Pangkalpinang, Babelsatu.com– Langkah Kapolri Jenderal Listyo Sigit Prabowo menerapkan restorative justice (RJ) dalam menyelesaikan berbagai perkara, sehingga tidak perlu sampai ke persidangan atau bahkan sampai ke pemidanaan yang menambah berat beban lembaga pemasyarakatan (Lapas) memperoleh dukungan banyak pihak.

Wali Kota Pangkalpinang Maulan Aklil alias Molen mengaku sangat mendukung aplikasi restorative justice di Kota Beribu Senyuman.

Bacaan Lainnya

Salah satu wujud dukungan tersebut yakni dengan telah diresmikannya Balai Perdamaian Restoretive Justice di Kelurahan Tua Tunu Pangkalpinang.

“Sebagai masyarakat Pangkalpinang tentu menerima ini dengan senang hati karena realistis saja, tanpa sumber daya yang besar saya mendapatkan ini gratis. Besar imbasnya bagi masyarakat kami,” kata Molen saat menjadi salah satu narasumber podcast yang digelar Fakultas Hukum UBB, Jumat (8/4/2022).

Foto Humas Pgk

Menurut Molen hadirnya balai perdamaian ini merupakan sebuah inovasi yang akan menjadi budaya lokal bagi masyarakat untuk selalu menerapkan budaya-budaya luhur dan hukum adat dalam penyelesaian masalah.

“Secara hukum tidak salah. Ini dinamakan inovasi dan ditambah dengan komitmen untuk melaksanakan itu. Saya mewakili masyarakat berterima kasih dengan adanya balai ini, ” ungkapnya.

Ke depan dengan adanya balai RJ yang merupakan inovasi baru tersebut, dirinya berencana membuat kegiatan yang disesuaikan dengan kondisi nantinya.

Kepala Kejaksaan Negeri Pangkalpinang Jefferdian menyebut, Restorative Justice menjadi terobosan yang membuat hatinya semakin “hidup” dalam menyelesaikan hukum pidana melalui cara perdamaian.

“Adanya skema  yang merupakan implementasi nilai luhur Pancasila ini membuat hati berasa semakin hidup karena tidak semua perkara harus dibawa ke pengadilan,” ujarnya.

Penerapan keadilan restoratif ini merupakan alternatif terbaik bagi masyarakat yang melakukan tindak pidana ringan dengan nilai kerugian kecil.

“Misalkan kerugiannya kecil, kemudian mereka ikut sidang, ngantri lama, mengeluarkan ongkos segala macem, padahal kerugiannya tidak seberapa.
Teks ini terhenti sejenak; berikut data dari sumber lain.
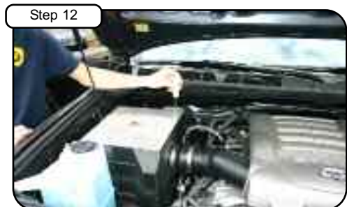
With button head screws provided tighten down housing cover with 5/32" allen key. Re-Install engine cover.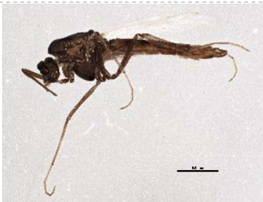
BIOUG05503-B05 [Lateral] Chironomidae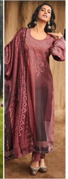
▲ 1006 ▲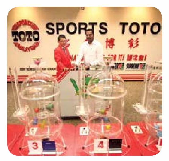
A Sports Toto draw in progress.

During the financial year under review, the Supreme Toto 6/58 game recorded the highest Jackpot in Sports Toto's history of RM57.18 million when it was struck on 18 January 2012. The record Jackpot of RM57.18 million was also the highest ever Jackpot recorded in Malaysian history.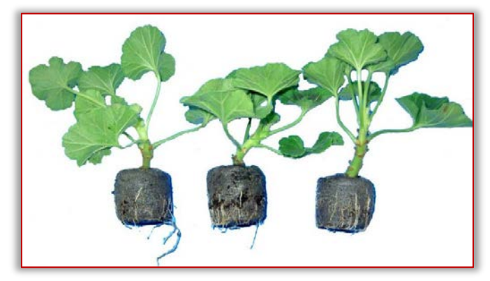
Figure 4- Rooted geranium cuttings, ready to plant in pots ( Toma , 2019).

After performing the process on the mother plants, the new cuttings were obtained which were planted in alveolar pallets, benefiting from a nutrient substrate suitable for the new plants, a factor that helps the optimal vegetative development of the plant, as can be seen in image 3A. The post-walking work of this process is successive transplantation into vessels suitable for the size of the plant, as shown in image 3B.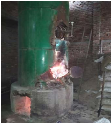
Fig-e Non standard Feed mill boiler

According to Bangladesh boiler regulations 1951, 3(3) where no provision is made in these regulations for design or manufacture of any pressure parts of the boiler, the inspection authority may permit the design, manufacture, stage inspections and certification of such pressure parts including the valve, mounting & fittings conforming to the international standards & foreign codes like B.S, ASME Boiler and pressure vessel code, tubular exchanger manufacturers association (TEMA), technical regulation for steam boilers (TRD), Russian standards (GOST), German Standards (DIN), Japanese industrial standard (JIS) and ISO Boiler code ISO/R-831, which are known to be commonly used in industrially advance countries. In many case we found non standard local made boiler which is very harmful. This boiler are made of normal plate and do not follow any international standard & foreign codes. this kinds of boilers are very risky.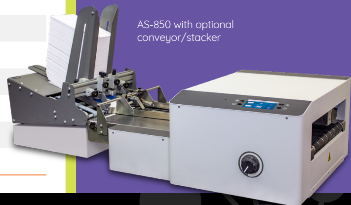
AS-850 with optional conveyor/stacker

Quadient maintains a network of offices across the country to provide local customer support and trained technicians who are ready to assist you. You can be confident that when you need knowledgeable support or expert service, the point-of-contact will be a Quadient office in your area consisting of a team of local professionals.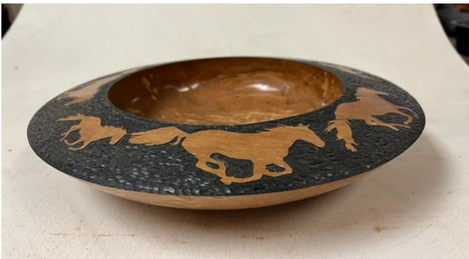
This is a cherry bowl with horses. It is 12 1/2" dia. x 2.5" high.

RJ ini merupakan alternatif terbaik untuk kasus-kasus yang  mohon maaf, dengan nilai kecil tersebut,” ucapnya.

Jefferdian menuturkan, penghentian perkara berdasarkan keadilan restoratif ini tidak serta merta menjadikan segala kasus diselesaikan dengan cara tersebut.

Banyak pihak yang dilibatkan dalam menentukan kelayakan penyelesaian perkara berdasarkan restorative justice. Berdasarkan Peraturan Kejaksaan nomor 15 tahun 2020 tentang penghentian tuntutan berdasarkan keadilan Resorative Justice, penghentian tuntutan tindak pidana harus memenuhi juga persetujuan Jaksa Agung Muda Bidang Pidana Umum (Jampidum) Kejaksaan Agung RI. Selain itu, tindak pidana ringan yang dilakukan dengan kerugian kecil dan bisa mengembalikan kerugian korban.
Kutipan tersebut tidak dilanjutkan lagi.